Open Sn0rt opened 9 months ago

Sn0rt commented 9 months ago

I found that the implementation of the prometheus library requires manual recycling of the metric if the metric is no longer updated.

I think if nginx-lua-prometheus supports the new option expiration, it means that this metric will be recycled if it is not updated within the specified time.

init_worker_by_lua_block {
   prometheus = require("prometheus").init("prometheus_metrics", {exptime = 360})
}

and exptime default is 0

The optional exptime argument specifies expiration time (in seconds) for the inserted key-value pair. The time resolution is 0.001 seconds. If the exptime takes the value 0 (which is the default), then the item will never expire.

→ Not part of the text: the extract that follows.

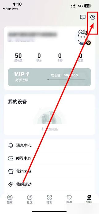 1、在设备上启动爱玛出行应用,轻触界面中的【设置】选项,进入功能配置区域。

I think it is enough to simply implement it based on share dict.

knyar commented 9 months ago

I found that the implementation of the prometheus library requires manual recycling of the metric if the metric is no longer updated.

I believe that's pretty standard for the Prometheus ecosystem. Once created, metrics exist until the process ends.

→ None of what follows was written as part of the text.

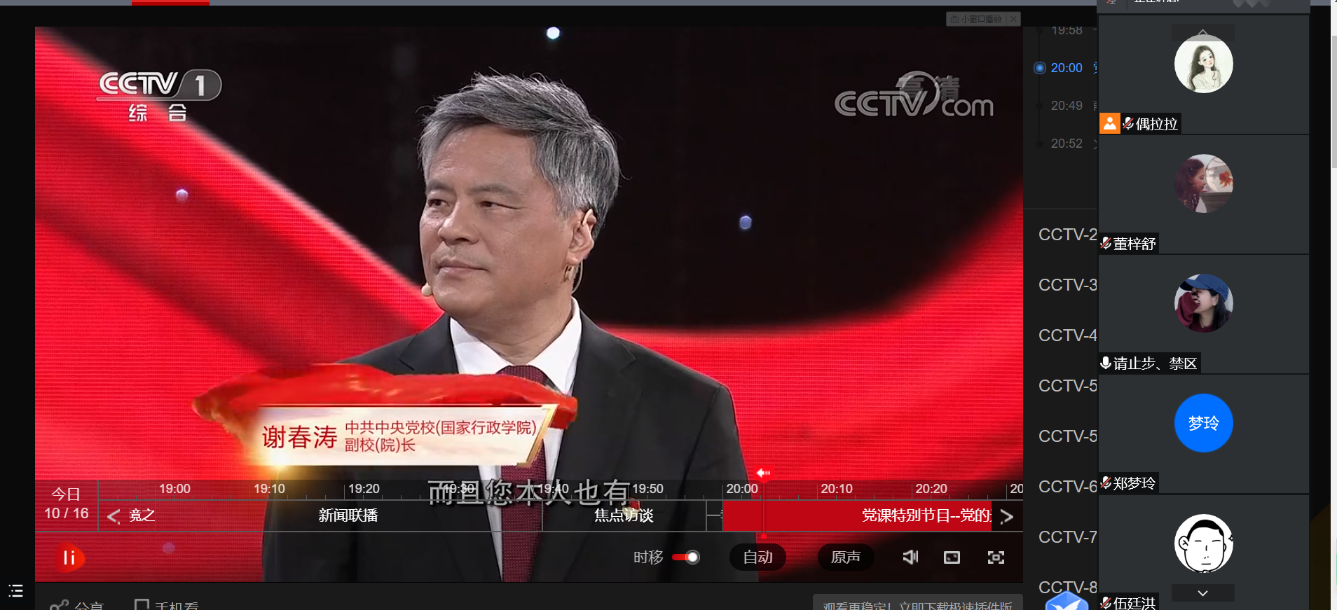 为深入学习贯彻习近平总书记在庆祝中国共产党成立100周年大会上的重要讲话精神,中央组织部、中央广播电视总台联合录制了《党课开讲啦》节目。第1期《党的光辉历程》(中央党校副校长谢春涛主讲)于10月16日(星期六)晚间8点档在中央电视台综合频道(CCTV-1)播出,bat365在线平台各学生党支部积极组织观看学习,并展开讨论交流。

It's totally reasonable for a metric to not get updated for a long time. For example, a counter that tracks the number of errors is hopefully not incremented very often. But in most cases it would be unhelpful to delete it after it has been incremented.

I think if nginx-lua-prometheus supports the new option expiration, it means that this metric will be recycled if it is not updated within the specified time.

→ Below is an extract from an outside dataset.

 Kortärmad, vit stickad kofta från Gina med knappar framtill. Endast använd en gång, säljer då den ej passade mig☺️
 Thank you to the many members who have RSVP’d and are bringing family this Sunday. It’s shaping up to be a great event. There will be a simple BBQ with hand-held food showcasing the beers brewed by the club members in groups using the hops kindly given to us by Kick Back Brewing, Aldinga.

Does it need to be part of the nginx-lua-prometheus library? We provide del and reset methods for counters and gauges that I believe should make it possible to implement time-based deletion of metrics if it is necessary in your environment.

Sn0rt commented 9 months ago

In the openresty ecosystem, metrics are usually recorded in the log phase. However, there is no appropriate phase to manually destroy metric records.

If you use TTL to destroy, it is more in line with openresty's practice, instead of using more complex logic to maintain the share dict required by prometheus.

I can implement this feature if you agree with this requirement.

knyar commented 9 months ago

There are a lot of moving pieces we have which were mostly added for performance reasons (per-worker counters that get regularly flushed to the main dict, separate keys in the dict for metric names), and integrating time-based expiry correctly will not be trivial and will likely further increase complexity of the library.

Also, I believe as a use case this is sufficiently unusual and niche that I would be hesitant to support it natively. I am not sure many other Prometheus metric libraries have functionality like this, and a quick search for "TTL" in Prometheus mailing list suggest that every time this has been discussed, there was a more idiomatic way to achieve whatever was needed. I am not trying to tell you that what you are trying to do is wrong, but I would suggest trying to find a solution without making changes to the library.

I've not though too much about it, but perhaps you might be able to do it by keeping track of metric usage in another dict and calling del or reset from a timer?

Sn0rt commented 8 months ago

I think since this library is in the nginx ecosystem, it is more practical to better adapt to the nginx ecosystem.

Simply using timer implementation may be more complicated than implementing ttl in the library.

  1. In the nginx ecosystem, there is indeed no appropriate time to call del and reset.
  2. Moreover, ttl can be a default configuration option or not enabled by default. The workload is very small. I wrote a POC https://github.com/Sn0rt/nginx-lua-prometheus/pull/1
knyar commented 8 months ago

In the nginx ecosystem, there is indeed no appropriate time to call del and reset.

I am not sure I understand how it is different from any other environment?

Moreover, ttl can be a default configuration option or not enabled by default. The workload is very small. I wrote a POC

This approach will result in only metric values being removed, with all other data staying behind in an inconsistent state.

There is a reason why del and reset are more complex than just removing a single key from the shared dict. Over time, lots of optimizations have been added to the library to support high-throughput use cases: separate keyspace in the dict for metric names (prometheus_keys.lua), per-worker eventually consistent counters, per-worker cache of full metric names. All of that increased the complexity of the code substantially, and will make it difficult to correctly implement time-based metric expiry, especially if it's based on exptime of the shared dict. Also, as I mentioned before, adding time based expiry will further increase complexity, which is something I would like to avoid for a use case which is so uncommon.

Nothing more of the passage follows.